In two cases states make similar, irrational military provacations like this one that is obviously not in the aggressive state's national interest.
First, states are
deliberately behaving in an irrational way to signal to adversaries that it is hell-bent and ruthless in retaliation. This strategy conveys messages as if the state does not have a capacity to understand warnings and red lines.
Iranian President Mahmoud Ahmadinejad's
earlier remarks that Israel should cease to exist is an evident example of how states sometimes behave as an irrational actor to avoid military attacks.
North Korea's recent military provacations such as
sinking a South Korean ship or
shelling its island two years ago is a case in point. This kind of tactics are reliable with nuclear-armed states such as North Korea. Why to mess up with nuclear-armed North Korea whose leader is describing itself suicidal and irrational? The same goes with Tehran, whose leader is speaking about destroying Israel and possessing dozens of long-range missiles that could significantly damage Israeli cities. These leaders are definitely not irrational but it is benefiting to be seen this way.
This strategy seems unapplicable in Syria because it has relatively weak and increasingly divided military power, is running out of cash and exhausted by a year and half long operations against rebels across the country. It has little if any capability to do harm to countries considering intervening militarily to end the 15-month long crisis there.
Another case when states behave irrational in foreign policy is when domestic actors push decision-making process to a direction that is not in their national interests. This could be because of divided governance like in Iran or supporting overseas brethren no matter how damaging that policy could be.
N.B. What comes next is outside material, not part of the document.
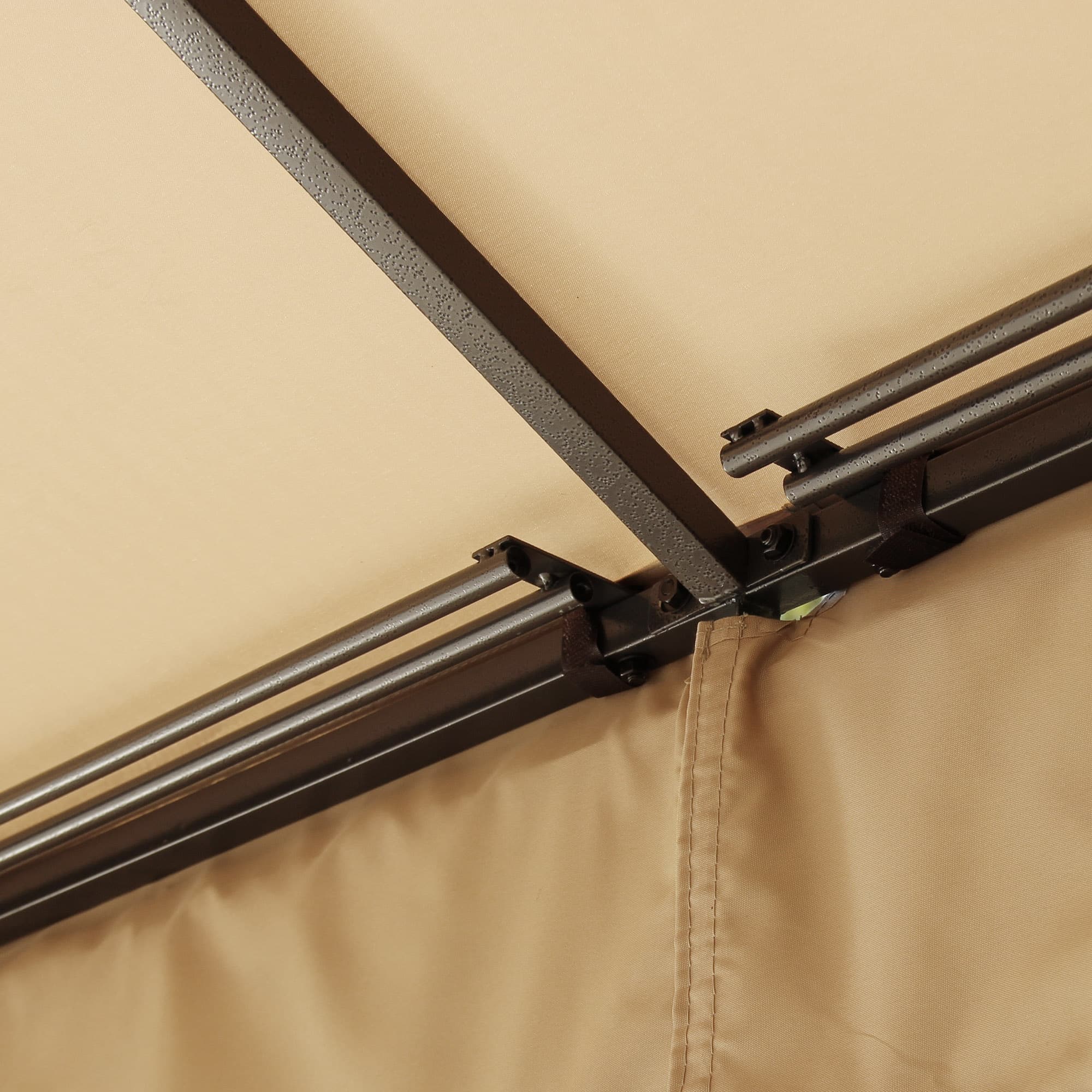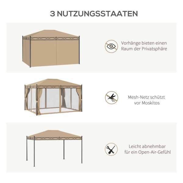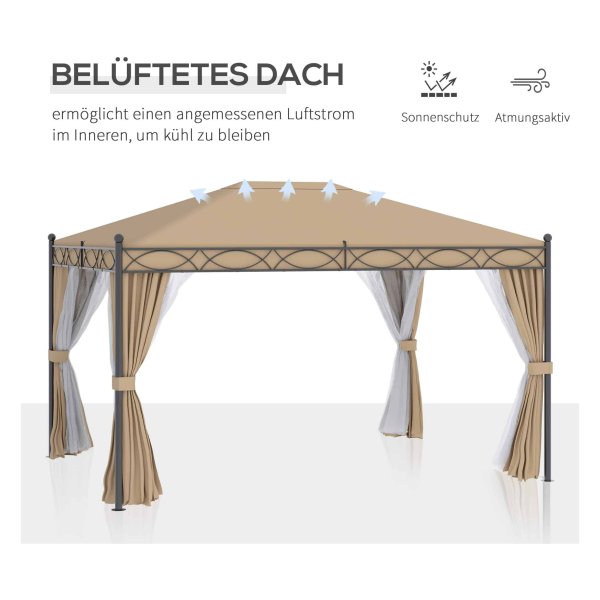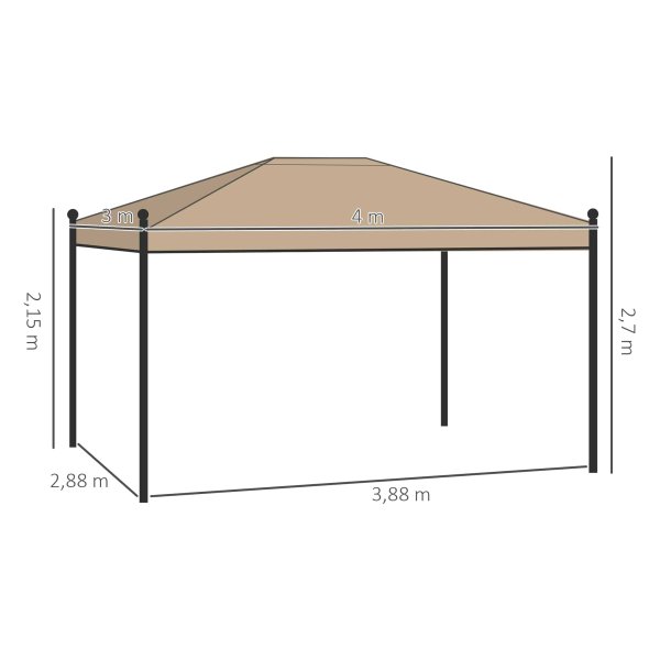 Het Tuinpaviljoen heeft een afmeting van 4 x 3 meter en is gemaakt van een robuuste metaalconstructie voor extra stabiliteit. Het dak is UV-resistent en gemaakt van hoogwaardig plastic materiaal. Hierdoor bent u beschermd tegen schadelijke UV-stralen en geniet u van een aangename schaduwplek in uw tuin.

Stephen M. Walt and John Mearsheimer's
2007 book on the Israeli lobby is a good read how domestic actors could derail country's foreign policy agenda.
It’s worth bearing in mind that there have been numerous claims that military commanders in Syria have often been acting beyond the administration’s control. In the shadow of potential war and violence, those surrounding Assad are not necessarily making a single, consultative decision based on country's national interests. Given the varying constraints on the power of Assad and the administration across the state bureaucracies, it is not surprising that senior army commanders and bureaucrats are pushing for policies that are not really made by the president and his close circles loyal to him. Recent
leaked e-mails of Assad family depict how weak institutions the Syrian regime has.
The crisis in Syria has steered this process reasonably well and generated enormous conflict within the regime.
Syria's Foreign Ministry spokesman was overly apologetic and friendly in his
Monday briefing, saying that Turks and Syrians are brothers and that Syria is not hostile to its northern neighbor. Why would a state shoot down a foreign jet in international air space and send messages of friendship afterwards?